* First, the good news from a TRS press release…
Teachers’ Retirement System investments generated a positive 12.8 percent rate-of-return during fiscal year 2013, net of fees, a result that exceeded internal custom benchmarks set for the $40 billion portfolio.
* Now, the bad news…
Yet, despite these high returns for the year ended on June 30, the System’s unfunded liability officially rose during the 12 month period to $55.73 billion from $52.08 billion at the end of FY 2012. The TRS funded ratio at the end of FY 2013 was 40.6 percent as calculated under state law and 42.5 percent using the market value of the System’s assets. The higher unfunded liability reflects another year of contributions from state government that fell short of full, actuarially-based funding. […]
“The contribution from the state that is required by the law continues to be far short of the amount required to ensure our long-term sustainability,” Ingram said. He noted that in order to prevent any increase in the unfunded liability during FY 2015, the state contribution would have to be $5.3 billion.
“Without changes to the pension code to ensure sustained and adequate funding, TRS faces the very real possibility that in a few decades the System will not have enough money to pay benefits to retirees. We cannot guarantee that TRS will have enough money to pay the pensions promised to every member in the System.”
In other words, we’re not yet at the top of the ramp.
* But…
Based on the System’s funded status, the TRS Board of Trustees gave preliminary approval to a $3.412 billion state contribution for fiscal year 2015, a contribution that is slightly lower than the $3.438 billion state contribution for the current fiscal year.

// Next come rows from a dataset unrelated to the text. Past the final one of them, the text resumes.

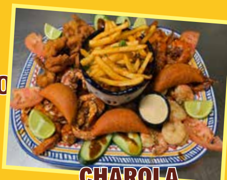
CHAROLA SAN JOSE

MOJARRA FRITA Mojarra frita 24.99 Al Mojo de ajo | zarandiada, ala Diabla EXTRA 3.99
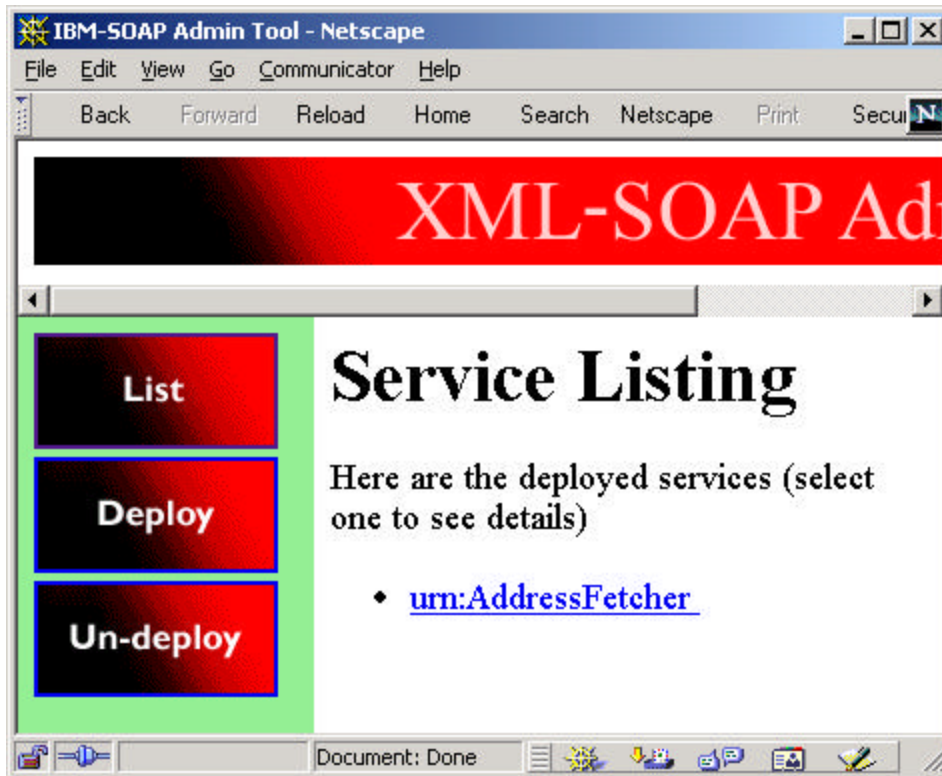
Figure 2 – The AddressFetcher service has been deployed.

If you then click on this urn:AddressFetcher link, you will get a whole blizzard of deployment information. The most important parts of this are
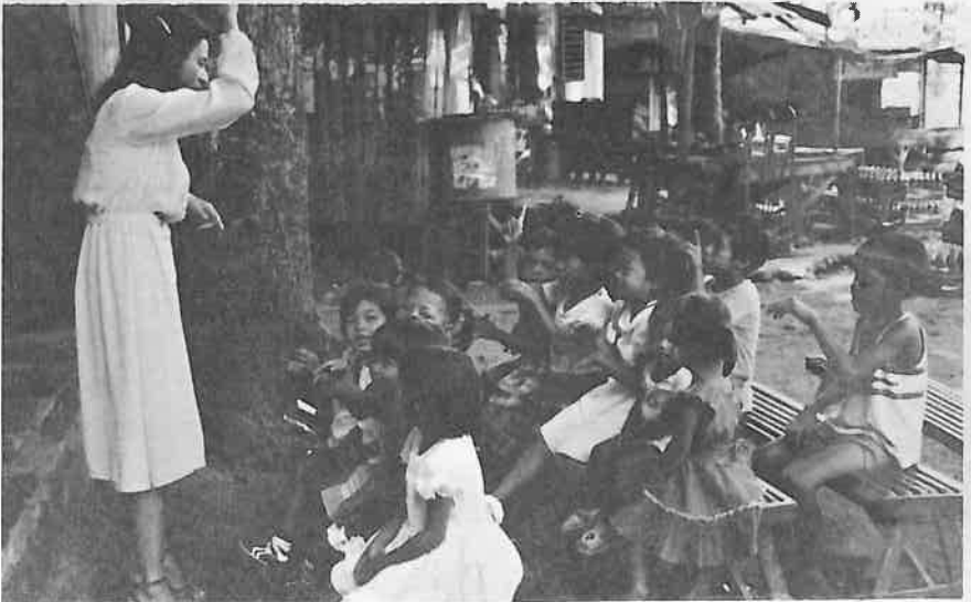
A Sunday School class at the Grace Gospel Church of Christ in Davao City

It's Sunday morning. The teachers are prepared, the classroom ready, some children preparing for Sunday School. Soon the singing begins, more children
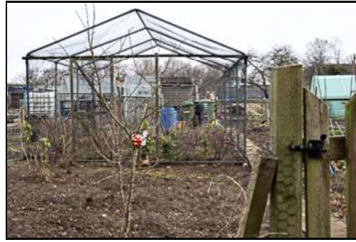
DSCF8880 ISO 400 X-T3 1/400 sec at
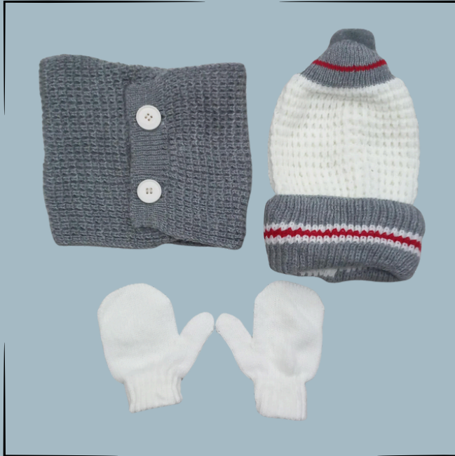
BABY WOOLEN HAT, MITTENS AND NECK WARMER
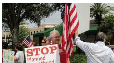
Last Day – Kissimmee stands strong!

Total TRS assets at the end of FY 2013 were $39.479 billion, an 8.7 percent increase in total assets from one year ago at the end of FY 2012 — $36.311 billion. At the end of September TRS assets totaled $40.97 billion.
And here’s why…
The statutory state contribution for FY 2015 is calculated under a state formula that does not meet the requirements of standard actuarial practices used in other states.
Because of that difference, the state’s statutory pension contribution never matches the funding level that an actuary would recommend to fully cover the cost of pension in that year. In FY 2014, the state’s statutory contribution to TRS is $3.438 billion. Using actuarial standards, the contribution to TRS would be $4.046 billion. In FY 2015, while the statutory contribution is $3.412 billion, the actuarially-calculated contribution would be $4.062 billion.“
- foster brooks - Thursday, Oct 31, 13 @ 9:48 am:
Hate to say it but those 20% end of career raises and now the the standard 6% for 4 years are not helping. A good start on pension reform would put the school districts on the hook for those end of career raises.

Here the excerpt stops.